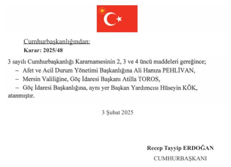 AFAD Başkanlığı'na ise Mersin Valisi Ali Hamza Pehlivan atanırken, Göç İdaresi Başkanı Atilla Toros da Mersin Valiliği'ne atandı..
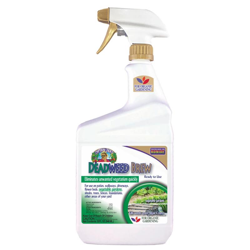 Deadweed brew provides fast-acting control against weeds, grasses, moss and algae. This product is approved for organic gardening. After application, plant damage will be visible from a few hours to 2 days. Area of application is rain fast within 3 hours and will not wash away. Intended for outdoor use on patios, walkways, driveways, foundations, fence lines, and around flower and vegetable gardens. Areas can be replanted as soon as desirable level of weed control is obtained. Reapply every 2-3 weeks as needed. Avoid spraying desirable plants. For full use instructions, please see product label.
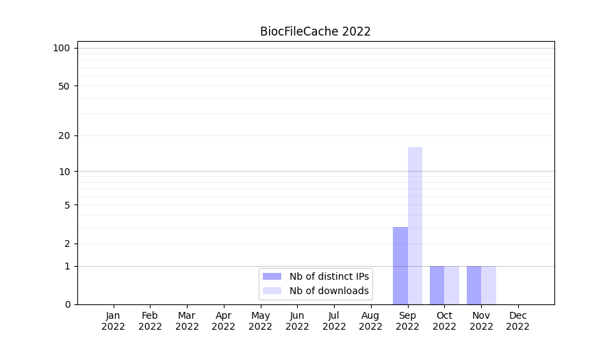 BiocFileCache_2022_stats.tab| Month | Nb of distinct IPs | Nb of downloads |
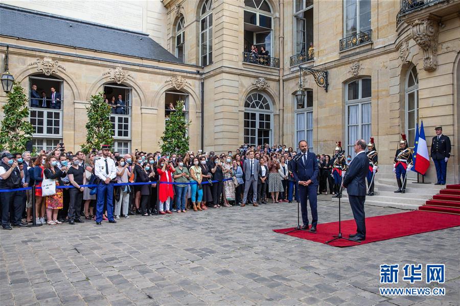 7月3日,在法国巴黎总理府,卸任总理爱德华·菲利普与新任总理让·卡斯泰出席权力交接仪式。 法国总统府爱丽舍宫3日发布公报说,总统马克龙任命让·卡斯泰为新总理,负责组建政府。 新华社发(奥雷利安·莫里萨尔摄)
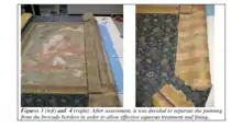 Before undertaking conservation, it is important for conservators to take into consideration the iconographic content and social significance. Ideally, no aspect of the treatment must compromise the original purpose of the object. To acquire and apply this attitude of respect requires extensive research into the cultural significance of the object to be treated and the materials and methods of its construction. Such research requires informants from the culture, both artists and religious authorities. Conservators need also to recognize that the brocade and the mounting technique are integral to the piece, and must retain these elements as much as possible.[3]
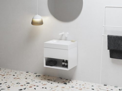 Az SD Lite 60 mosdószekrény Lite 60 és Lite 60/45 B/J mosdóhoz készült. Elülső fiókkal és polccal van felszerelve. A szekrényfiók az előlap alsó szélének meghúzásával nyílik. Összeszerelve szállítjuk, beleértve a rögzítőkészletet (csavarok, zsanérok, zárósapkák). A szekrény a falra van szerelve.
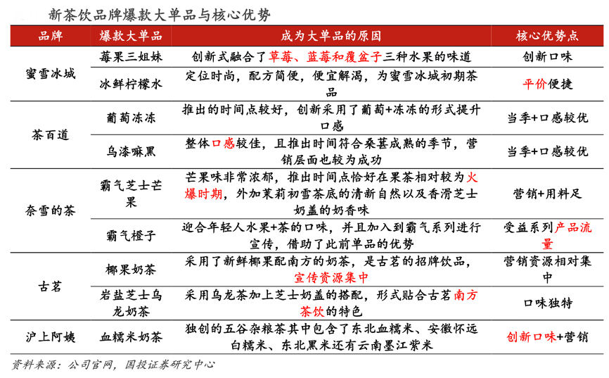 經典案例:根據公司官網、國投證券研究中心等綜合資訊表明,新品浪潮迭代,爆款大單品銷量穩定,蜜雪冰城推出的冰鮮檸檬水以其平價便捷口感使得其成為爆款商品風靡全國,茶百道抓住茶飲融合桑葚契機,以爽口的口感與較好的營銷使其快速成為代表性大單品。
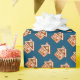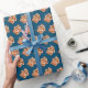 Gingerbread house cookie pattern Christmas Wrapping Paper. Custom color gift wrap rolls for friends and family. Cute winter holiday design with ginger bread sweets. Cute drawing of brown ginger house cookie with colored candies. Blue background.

------------------------

### TASK TO COMPLETE
Without the pictures, give all of the entries above again exactly.

### RESULT OF THE EXERCISE
 AFAD Başkanlığı'na ise Mersin Valisi Ali Hamza Pehlivan atanırken, Göç İdaresi Başkanı Atilla Toros da Mersin Valiliği'ne atandı..
 Deadweed brew provides fast-acting control against weeds, grasses, moss and algae. This product is approved for organic gardening. After application, plant damage will be visible from a few hours to 2 days. Area of application is rain fast within 3 hours and will not wash away. Intended for outdoor use on patios, walkways, driveways, foundations, fence lines, and around flower and vegetable gardens. Areas can be replanted as soon as desirable level of weed control is obtained. Reapply every 2-3 weeks as needed. Avoid spraying desirable plants. For full use instructions, please see product label.
 BiocFileCache_2022_stats.tab| Month | Nb of distinct IPs | Nb of downloads |
 7月3日,在法国巴黎总理府,卸任总理爱德华·菲利普与新任总理让·卡斯泰出席权力交接仪式。 法国总统府爱丽舍宫3日发布公报说,总统马克龙任命让·卡斯泰为新总理,负责组建政府。 新华社发(奥雷利安·莫里萨尔摄)
 Before undertaking conservation, it is important for conservators to take into consideration the iconographic content and social significance. Ideally, no aspect of the treatment must compromise the original purpose of the object. To acquire and apply this attitude of respect requires extensive research into the cultural significance of the object to be treated and the materials and methods of its construction. Such research requires informants from the culture, both artists and religious authorities. Conservators need also to recognize that the brocade and the mounting technique are integral to the piece, and must retain these elements as much as possible.[3]
 Az SD Lite 60 mosdószekrény Lite 60 és Lite 60/45 B/J mosdóhoz készült. Elülső fiókkal és polccal van felszerelve. A szekrényfiók az előlap alsó szélének meghúzásával nyílik. Összeszerelve szállítjuk, beleértve a rögzítőkészletet (csavarok, zsanérok, zárósapkák). A szekrény a falra van szerelve.
 經典案例:根據公司官網、國投證券研究中心等綜合資訊表明,新品浪潮迭代,爆款大單品銷量穩定,蜜雪冰城推出的冰鮮檸檬水以其平價便捷口感使得其成為爆款商品風靡全國,茶百道抓住茶飲融合桑葚契機,以爽口的口感與較好的營銷使其快速成為代表性大單品。
 Gingerbread house cookie pattern Christmas Wrapping Paper. Custom color gift wrap rolls for friends and family. Cute winter holiday design with ginger bread sweets. Cute drawing of brown ginger house cookie with colored candies. Blue background.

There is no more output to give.